BATON ROUGE, LA (WAFB) - If viewing this story on a mobile device or in an email, click the link for additional features, including the full video of Gov. Edwards press conference after the special session ended - http://bit.ly/28UqgJK
Debate over what to do with the money raised this session went well into the evening at the State Capitol as the session ended less than 30 minutes before the midnight deadline.
Leaders from both the House and Senate met throughout the day to discuss the budget plan for how to distribute the $263 million raised during the second special session before passing the supplemental budget plan. The House gave final passage to the bill with a vote of 56-43 shortly after 11 p.m. Thursday.
Gov. John Bel Edward said lawmakers needed to raise $600 million to fill the budget shortfall. Added to that, top economist in the state estimates that corporate taxes will generate $200 million less in the current fiscal year that will have to be dealt with in the next fiscal year starting July 1.
The Senate first adopted the bill with a vote of 38-1, adding an amendment that front loaded TOPS. The amendment would allow the scholarship program to be fully funded in the fall with only 42 percent funding for tuition in the spring.
The plan relies on the state generating additional revenue from things like rising oil prices, but if no more money comes in, students could be forced to foot a big portion of tuition.
Senators appeared somewhat reluctant to adopt the amendment and said they felt they were being held hostage by House Republicans.
"I don't wanna go home again and explain to people why we didn't get the job done, and it's been told to me anyway that this is probably the closest thing we have to get the people on the other side to adopt this bill and to move it forward," said Sen. Danny Martiny, R-Metaire.
Many Senate Democrats objected to the amendment, however, saying that is falsely suggest to constituents that TOPS was fully funded.
"We're gonna leave here with not enough money for TOPS, not enough money for healthcare, not enough money for the MFP, not enough money for mental health, not enough money for anything," said Sen. Karen Carter Peterson, D-New Orleans. "Nothing's fully funded. So don't try to cover it up with a little fluffy amendment."
There was much debated in the House about the amendment with some wanting to remove the language from the bill. However, the bill was approved with the amendment still intact. It still could be removed with an line-item veto by the governor.
The budget plan allocating the dollars ultimately included several shortfalls compared to the governor's request.

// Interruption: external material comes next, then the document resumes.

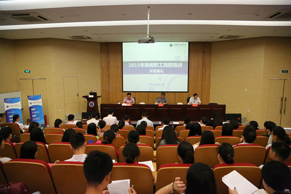27日上午,岗前培训班开班典礼在我校学术报告厅举行,校党委书记、督导专员胡昭林,校长石秀和、常务副校长陆真及相关部门负责人出席了开班典礼,典礼由陆真主持。人事处副处长黄君婕详细汇报了我校2014-2015年度人才引进计划与人事招聘完成情况;公课部王军老师代表新进教职工发言,他号召全体新员工对待工作和生活要保持乐观积极的态度,争做有创新精神的新华人。教务处处长李志远代表老员工发言,他鼓励新进教职工要不断学习,不断进步,做学习型、双能型的高校教师。石秀和对今年的新员工结构特点做了具体分析,教导新教师要对自己的学习和工作做长远的规划,努力做一名优秀的人民教师。最后,胡昭林从管理模式和教学体制两个方面分析了我校发展的优势与机遇,勉励全体新华人为学校创建高水平应用型大学而努力奋斗。

Many lawmakers from both parties expressed frustration that they had not raised more revenue during the session.
"A lot of us sought to get more revenue to bring TOPS to 100 percent, to fund the universities, and to give healthcare a lot more money," Senate President John Alario, R-Westwego. "We couldn't get the agreement to raise it to that much, so what we have we'll have to live with."
However, a solid group of House Republicans were reluctant to raise any more taxes and blocked many of the revenue proposals.
"These agencies and departments have more than enough money to fund what they see as a priority. The $600 million that the governor wanted, that's to fully fund every agency at the agency's wish list," Rep. Cameron Henry, R-Metaire. "That's the target amount that they would like to have. You can't fund government at the amount they'd like to have."
The approved plan would protect the state's partnership hospitals that treat the uninsured, while other agencies would still be short like Corrections with an $18 million cut.
While in the final proposal, public K-12 education received an additional $20 million next year, however, it is still left $24 million short.
"For those people out there who want government to shrink, government will shrink be painful, but that's just the reality of it going forward," said Sen. JP Morrell, D-New Orleans.
"You obviously want to maintain the services, but you have to hold the agency heads for the exorbitant amount of the money they have to say they always cut these vital services," Henry said.
Higher education received a little additional money compared to earlier plans, in part to compensate for money that was set aside specifically for Grambling and Southern from the overall fund.
Another source of disagreement was between funding for public K-12 schools and private schools. Under the final plan, vouchers and private schools receive additional funding then in the Senate Finance plan in order to appease certain House members.
The Senate passed a bill Thursday morning without a "Hail Mary" amendment that would have generated millions in new revenue next year. Alario said the votes were not there on the House side to amend HB 50 to bring in an extra $88 million next year so he did not want to force the member of his chamber to take a vote on an amendment that would ultimately not be approved in the House.
Also Thursday morning, the Senate unanimously passed HB 51, which returns exemptions to the sales tax for things like Girl Scout cookies and tickets to high school football games.
During his press conference after the session wrapped up, the governor said he is not anticipating a third special session.